The simplest and least error-prone approach - for low dimensions (see below!) - would still be rejection sampling: pick uniformly distributed points from the $m$-dimensional hypercube circumscribing the sphere, then reject all that fall outside the ball.
runifball <- function(n, centre = 0, center = centre, radius = 1) {
#Check inputs
if (!missing(centre) && !missing(center)) {
if (sum((centre - center)^2) < 1e-15) {
warning("specify 'centre' or 'center' but not both") } else {
stop("Error: specify 'centre' or 'center' but not both") } }
if (radius < 0) { stop("Error: radius must be non-negative") }
n_to_generate <- 2^length(center)*gamma(length(center)/2+1)*n/pi^(length(center)/2) # see below
original_sample_around_origin <-
matrix(replicate(length(center),runif(n_to_generate ,-radius,radius)),nrow=n_to_generate )

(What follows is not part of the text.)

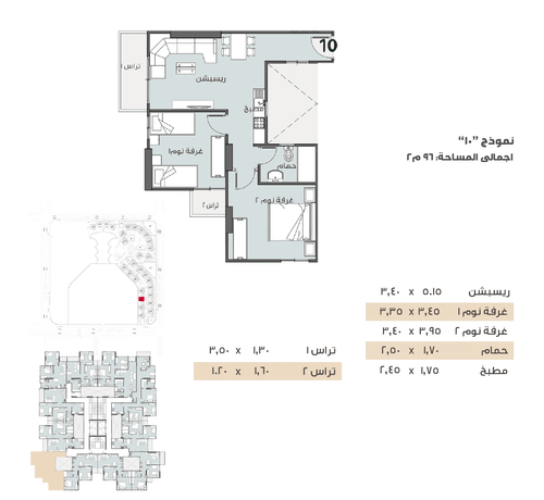 نموذج 10 عمارة 42 المساحة 96 متر .

index_to_keep <- rowSums(original_sample_around_origin^2)<radius^2
original_sample_around_origin[index_to_keep,]+
matrix(center,nrow=sum(index_to_keep),ncol=length(center),byrow=TRUE)
}
Here is an application for the $m=2$-dimensional disk:
#Generate points uniformly on a disk
set.seed(1)
n <- 10^5
CENTRE <- c(5, 3)
RADIUS <- 3
UNIF <- runifball(n, centre = CENTRE, radius = RADIUS)
#Plot the points
plot(UNIF,
col = rgb(0, 0, 0, 0.05), pch = 16, asp = 1,
main = 'Points distributed uniformly over a circle', xlab = 'x', ylab = 'y')

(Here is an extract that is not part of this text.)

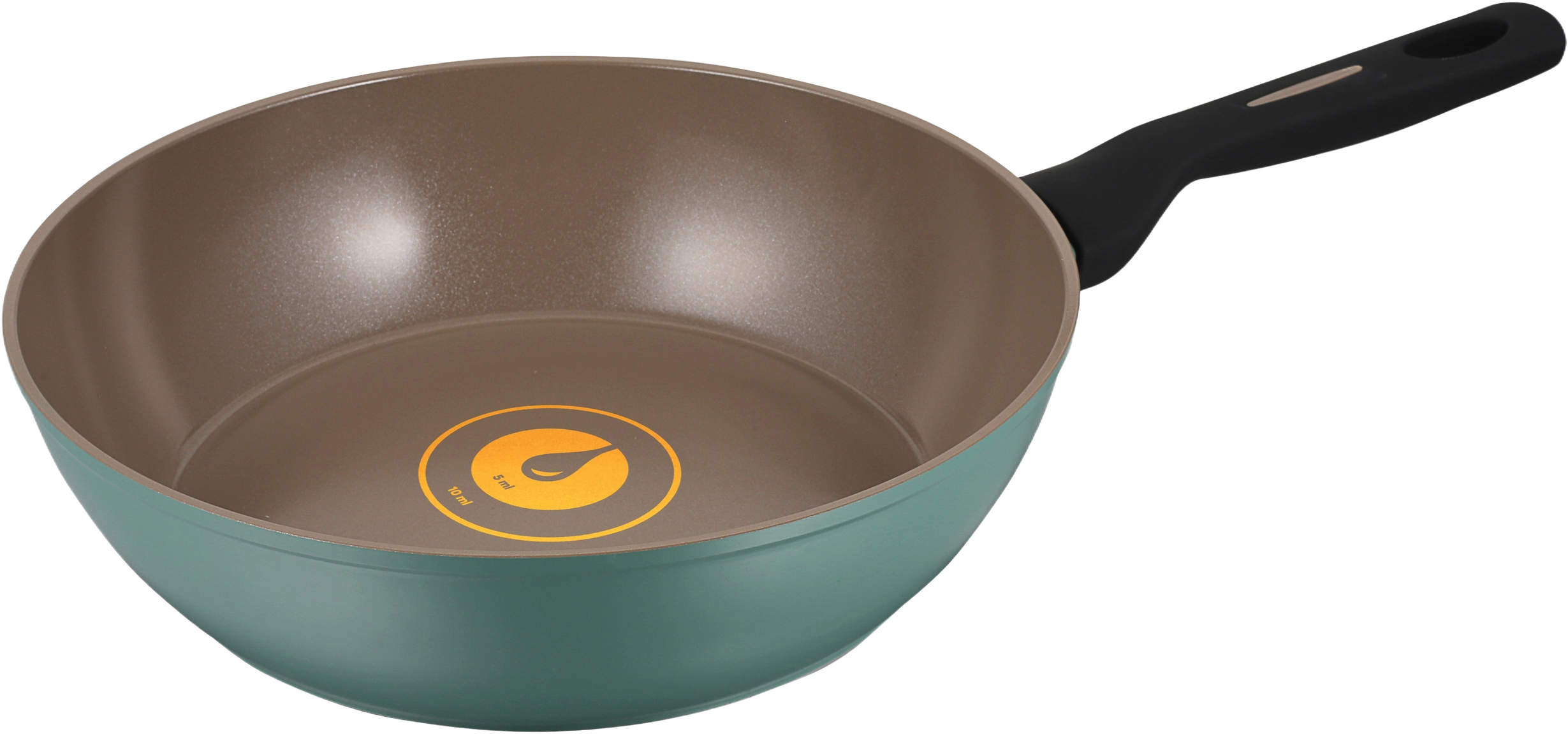 - Високоякісний кований алюміній товщиною 3 мм рівномірно розподіляє тепло по дну та швидко передає його страві

points(x = CENTRE[1], y = CENTRE[2], col = 'red', pch = 16)

Once again, we will need to originally generate more points, because we will reject some. Specifically, we expect to keep $\frac{\pi^\frac{m}{2}}{2^m\Gamma(\frac{m}{2}+1)}$, which is the ratio of the volume of the $m$-dimensional ball to the volume of the $m$-dimensional hypercube circumscribing it. So we can either start by generating $\frac{2^m\Gamma(\frac{m}{2}+1)n}{\pi^\frac{m}{2}}$ and expect to end up with $n$ points (this is the approach the code above takes), or just start generating until we have kept $n$.
In either case, the number of points we originally need to draw in the hypercube in order to (expect to) end up with a single point in the ball rises quickly with increasing dimensionality $m$:

(Note the logarithmic vertical axis!)
m <- 2:20
plot(m,2^m*gamma(m/2+1)/pi^(m/2),type="o",pch=19,log="y",
xlab="Dimension (m)")
This is just a consequence of the fact that for large $m$, most of the volume of the $m$-dimensional hypercube is in the corners, not in the center (where the ball is). So rejection sampling is likely only an option for low dimensions.